How Does Nasal Spray Work?


How Nasal Spray Works

Nasal sprays--or decongestant sprays, as they are sometimes called--are sold over the counter in the Unites States and go under a variety of brand names. Afrin, Sinarest, and Allerest are but three of the many variations on the same theme. These drugs are sold with the promise that they will clear up nasal decongestion. In other words, if your nose is stopped up, these medicines will let you breathe again. They do this because they include an agent that constricts the blood vessels in your nose. When you're ill, these vessels become bloated and swollen. When this happens mucus starts flowing freely, and this combination makes it hard to breathe. When the nasal spray constricts the blood vessels, it sends a signal to the nasal membranes to stop producing all that extra mucus, and the pathway to clear breathing is unobstructed.

Nasal Spray Addiction

Nasal sprays have come under attack, however, for their addictive properties.
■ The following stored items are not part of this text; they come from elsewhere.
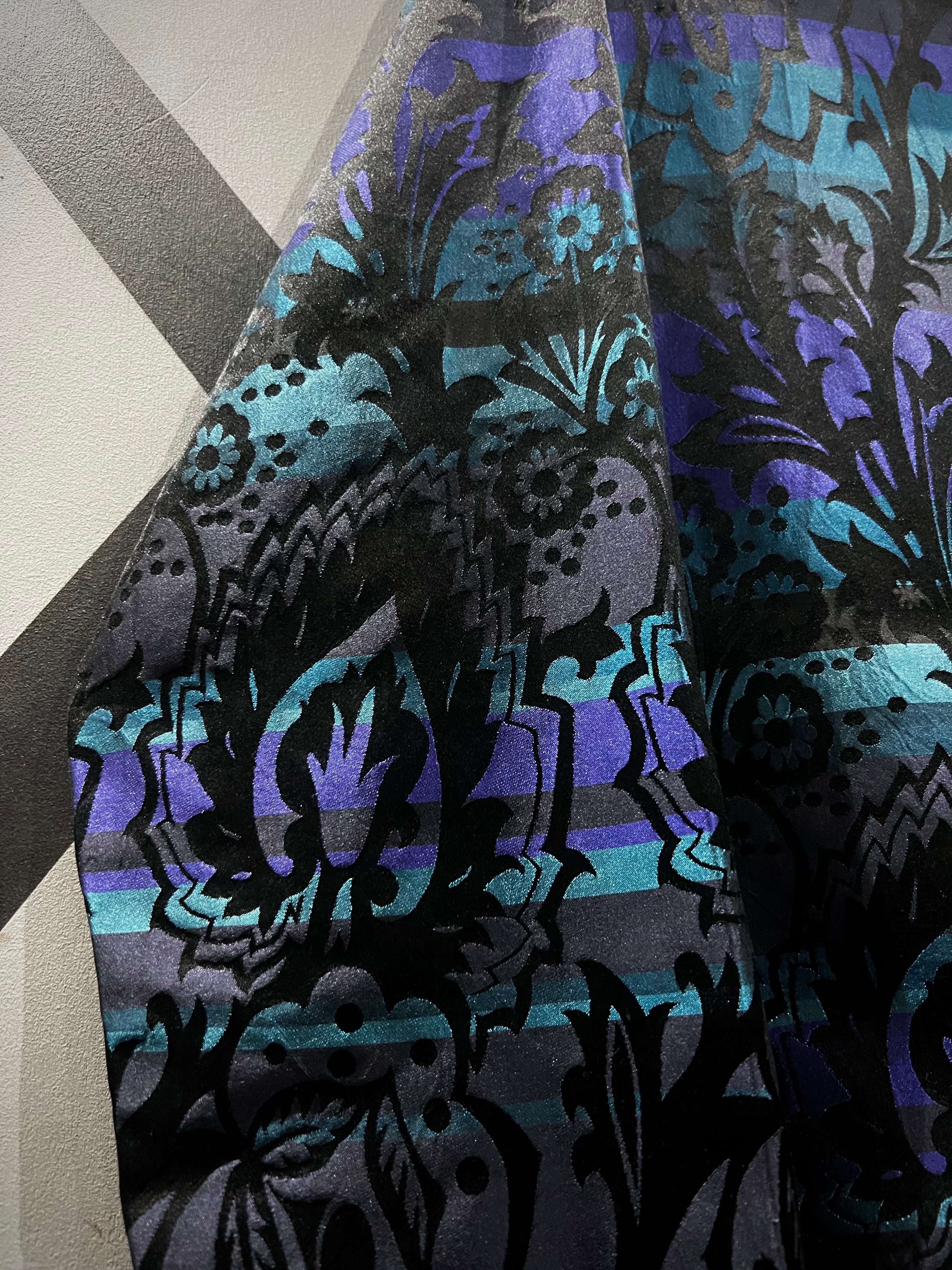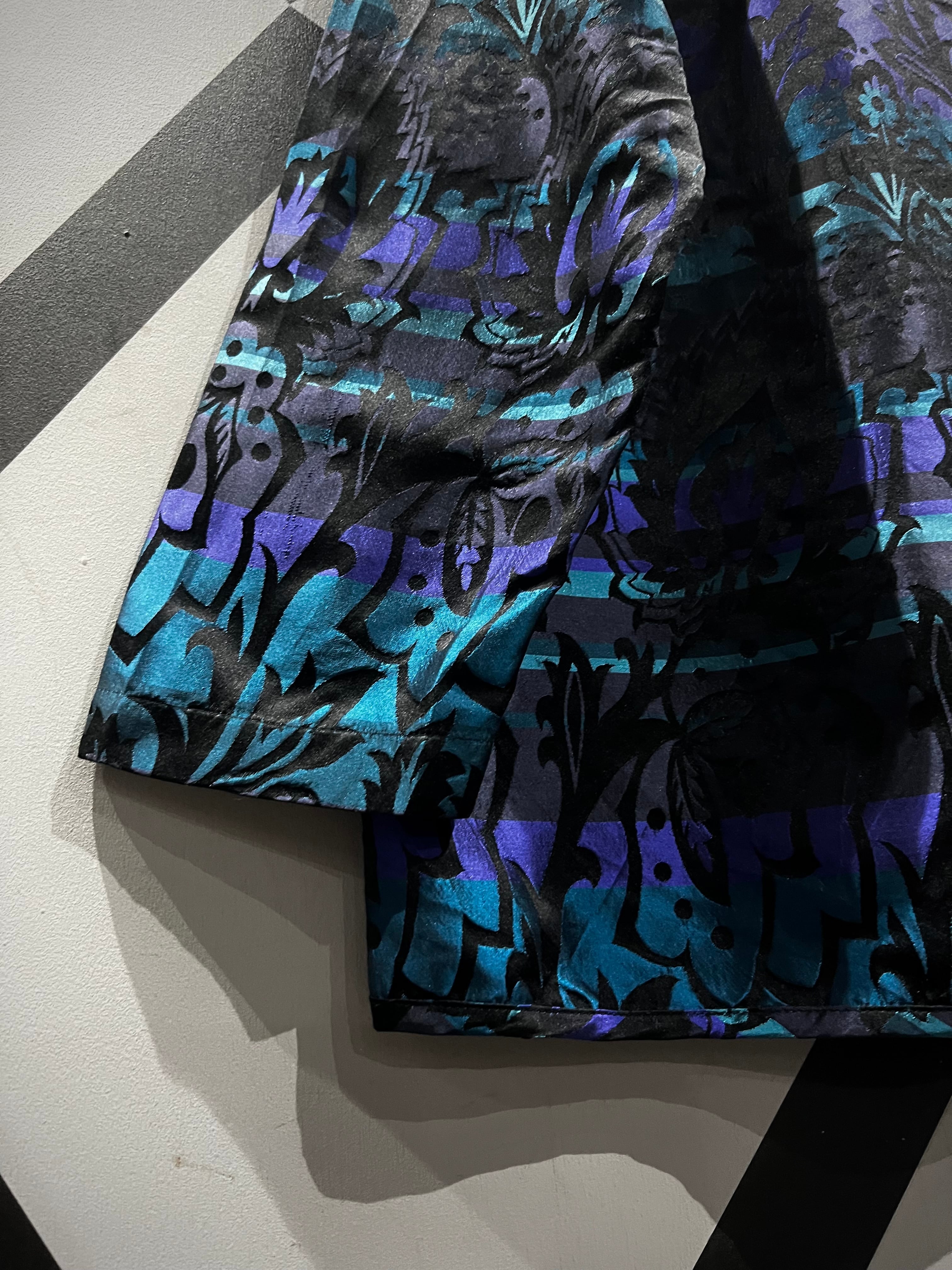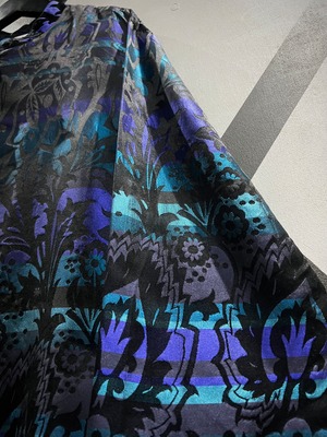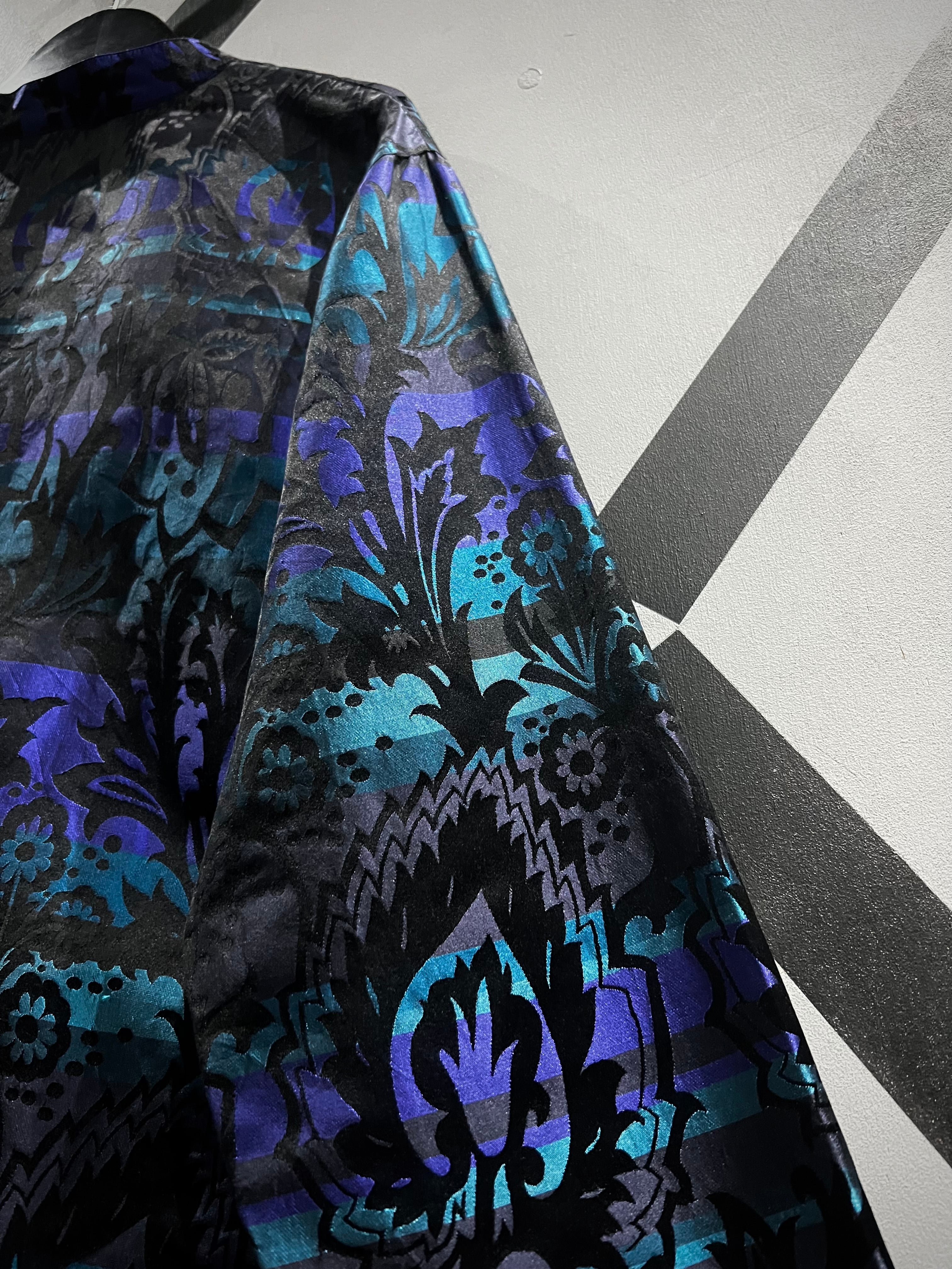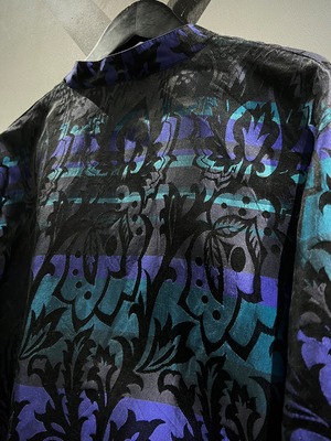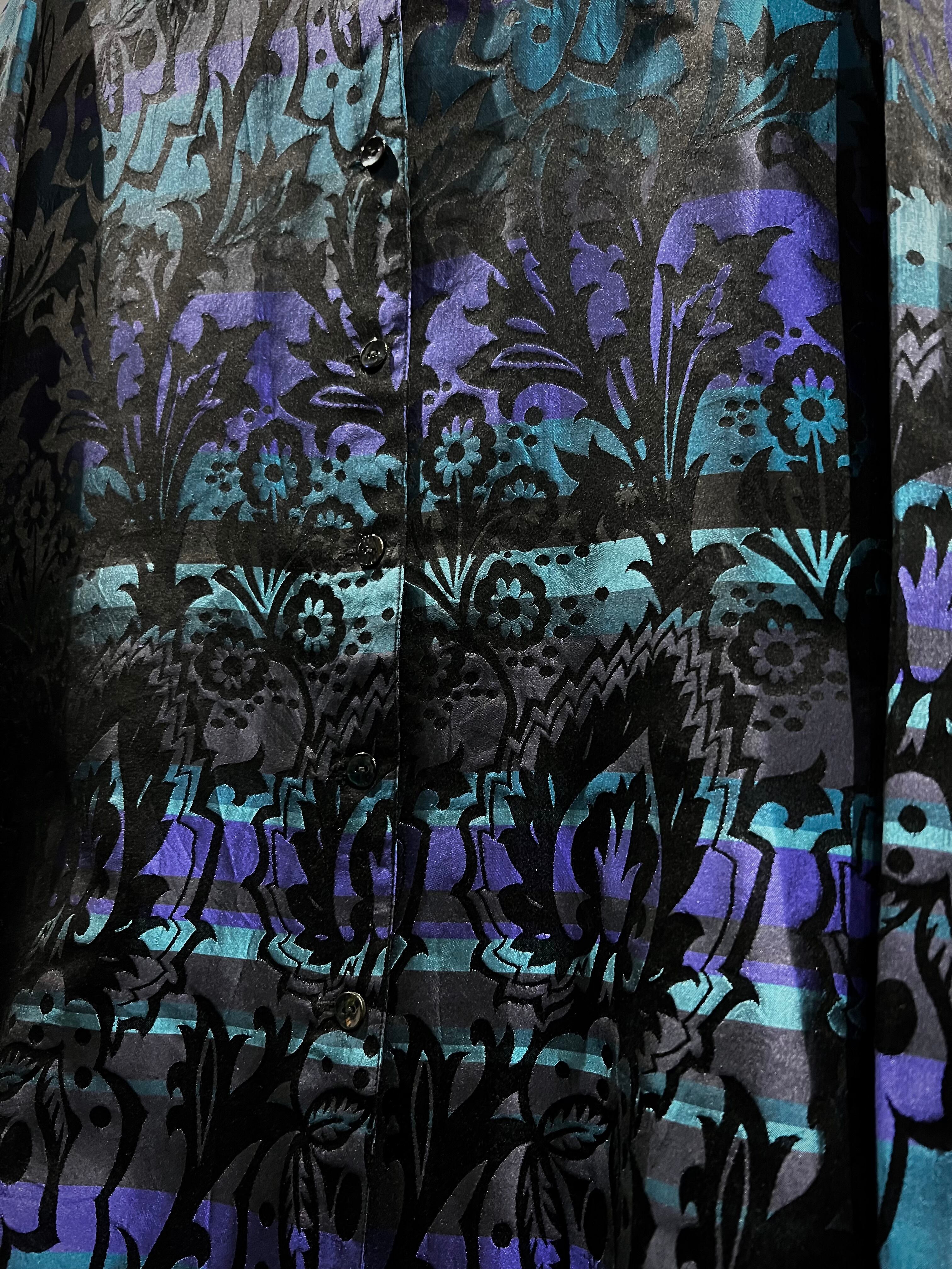 ハリがありながらも軽やかで滑らかな、上質なシルク素材を用いて黒、青紫、水色の美しいカラーリングで切り替えたボディに、さらにその上からボタニカル柄をプリントで重ねたシャツジャケット。
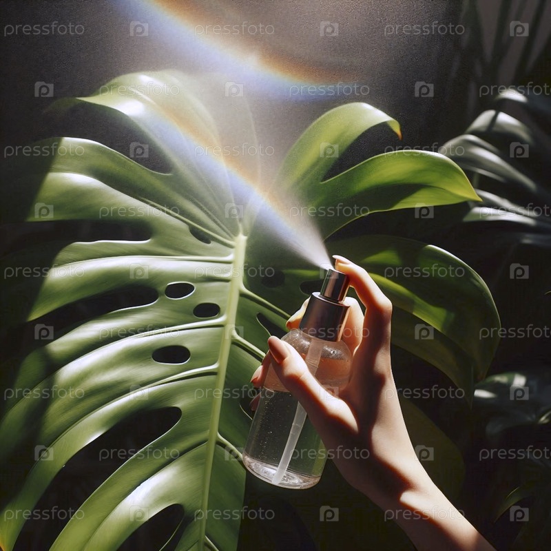 Счастливый родитель растения тушит свое большое листовое растение Монстр стеклянной бутылкой, Ai generated image
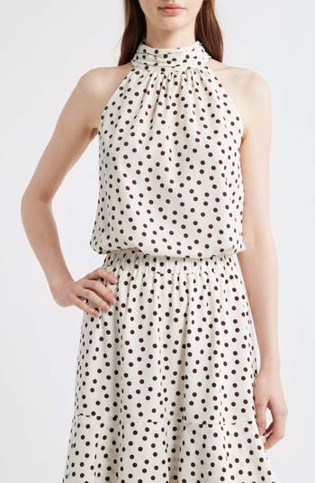 Bold polka dots put a retro spin on this woven sleeveless top complete with a band collar.
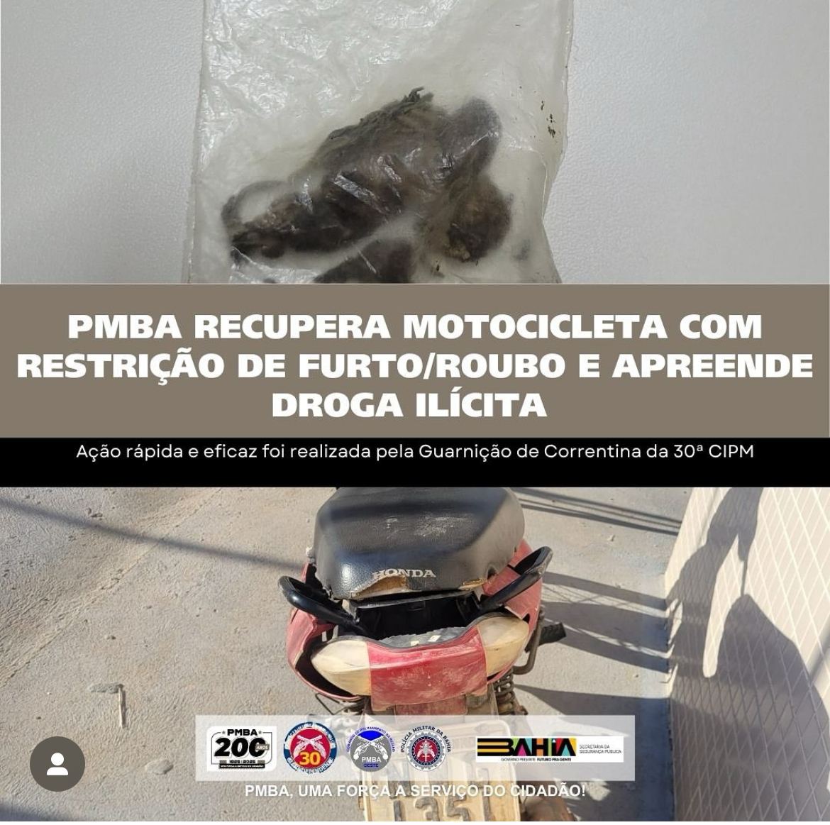 Diante dos fatos, o Conselho Tutelar foi acionado para acompanhar o procedimento, e o menor infrator, juntamente com a motocicleta recuperada e a substância entorpecente apreendida, foi conduzido e apresentado na Delegacia de Polícia Civil de Correntina, para a adoção das medidas cabíveis.
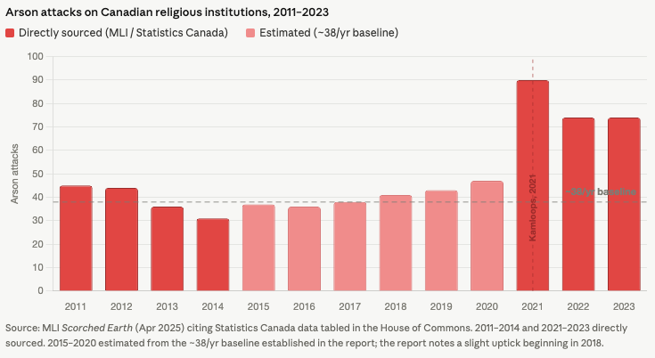 Between 2011 and 2014, Canada averaged roughly 39 arson attacks per year on religious institutions. In 2021 that figure jumped to 90. It held at 74 in both 2022 and 2023. A 2025 Macdonald-Laurier Institute report (the first serious empirical investigation of the wave) confirmed that arson against Canadian houses of worship had more than doubled as a share of all arson nationally, from 0.38% to 0.73%. In raw terms: at least 44 churches burned to the ground between 2021 and 2024, 123 churches have been vandalized, torched, or desecrated since that summer, and 238 arson attacks hit religious institutions in 2021–2023 alone, up from 152 in the prior three-year period.
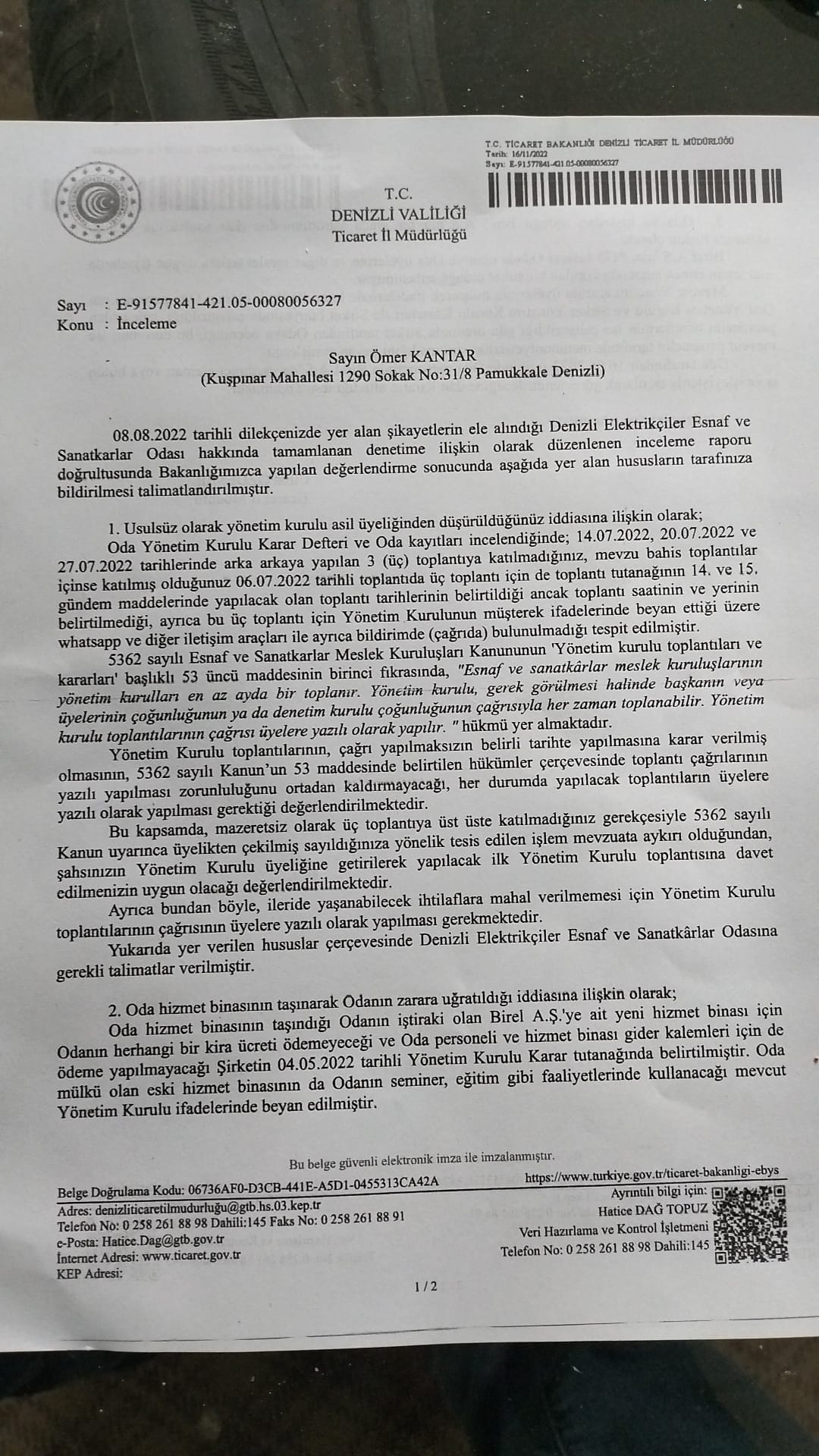 “Yukarda anlattığımız ve yaşanan tüm olaylar aslında odalarda dönenen mevzuata aykırı işlere bir örnektir. Tüm kamuoyunun bunları bilmesini istiyorum. Denizli Elektrikçiler Esnaf ve Sanatkarlar Odası’nın Yönetim kurulu, 11 gün içerisinde 3 yönetim kurulu toplantı gerçekleştiriyor. Üç toplantıya mazeretsiz katılmadığım iddiasıyla yönetimden çıkarıldım. Yönetim kurulu üyeleri ile görüşmeme rağmen iddialarından vazgeçmediler. Hakkımdaki asılsız iddiaları ortaya çıkarmak ve gerçekleri kamuoyunun bilgisine sunmak amacıyla Ticaret Bakanlığı’na başvuruda bulundum. Dört buçuk ayın sonunda, bakanlıktan alınan kararın asılsız ve yersiz olduğu, herhangi bir geçerliliği olmadığı, e imzalı bir belge ile tarafıma iletildi. 16.11.2022 tarihinde bakanlığın yayınladığı e imzalı karar ile görevime geri döndüm.
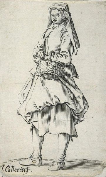 Editor: This is "En kvinde bærer en krøbling," or "A Woman Carrying a Cripple," by Wilhelm Marstrand, dating from 1810 to 1873. It's an ink and pen drawing currently held at the SMK in Copenhagen. The level of detail he achieves with just pen strokes is quite striking. How would you interpret this work through a formal lens? Curator: Certainly. Notice the economy of line; Marstrand masterfully employs hatching and cross-hatching to suggest form, volume, and even texture. The composition directs our gaze upwards, focusing on the interplay between the figures. How does the treatment of light and shadow strike you? Editor: Well, the light seems diffused, almost atmospheric, despite the starkness of the medium. The shadows define the folds in the woman's dress and highlight the child’s face, emphasizing their connection. Curator: Precisely. The very act of drawing attention to these textural elements emphasizes a tension and a precarious balancing act. And consider the lines themselves – are they purely representational or do they carry an expressive quality beyond mere description? Editor: I see what you mean. Some lines seem more gestural, almost hurried, suggesting movement and a sense of immediacy. The two sticks leaning on the woman's shoulder seem important somehow, they seem to suggest some hidden story... or burden? Curator: Indeed. Do they visually suggest weight? How might the composition be affected without these particular compositional and thematic components? The artist here manages a semiotic encoding that relies precisely upon line, shape and tone. Editor: It does make you wonder about their relationship and their circumstances. I hadn't thought about it that way. Thanks, that gives me a lot to consider. Curator: My pleasure. It is precisely in observing these structural choices that we unlock more.
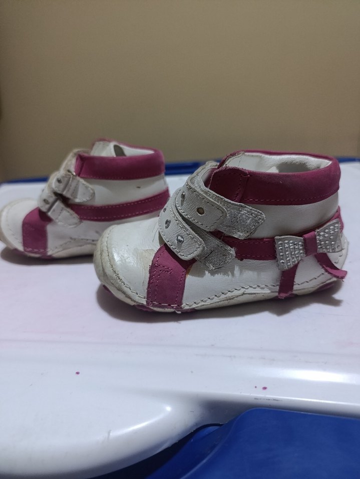 Pembe renkli, tokalı, küçük fiyonk detaylı kız bebek ilk adım ayakkabısı, sokak modasına uygun.
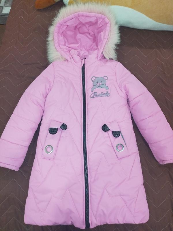 Очень теплая зимняя куртка (пуховик) для девочки 6-8 лет, синтепон, флисовая подкладка, манжеты. Без дефектов, молния исправна. Мех на копишоне отстегивается. Реально носили в мінус 20 Можно стирать в стиральной машине

That's not to say that you can become dependant on nasal spray the way you might become addicted to nicotine or cocaine, but you can develop a tolerance for the medicine. The body knows when there is a foreign substance inside. It will do everything it can to put things backs to normal (even if normal in this instance is unpleasant for you). Your nasal blood vessels dilate even further than before, and thus require more nasal spray--in higher doses--to achieve the same effect. And the more nasal spray you use, the harder the body fights it with further blood vessel dilation (and thus more mucus production).

Kicking the Habit

As you can see, this creates a vicious circle, and can lead to this nasal spray "addiction" that many people have warned about. Because of this, bottles of nasal decongestant are required to print labels which warn against using the product for more than three days in a row. If you happen to be directly in the middle of one of these vicious cycles right now, the best advice is to quit taking the nasal spray and suffer through the effects. In most cases, your nasal passages will return to normal in a matter of a couple of weeks.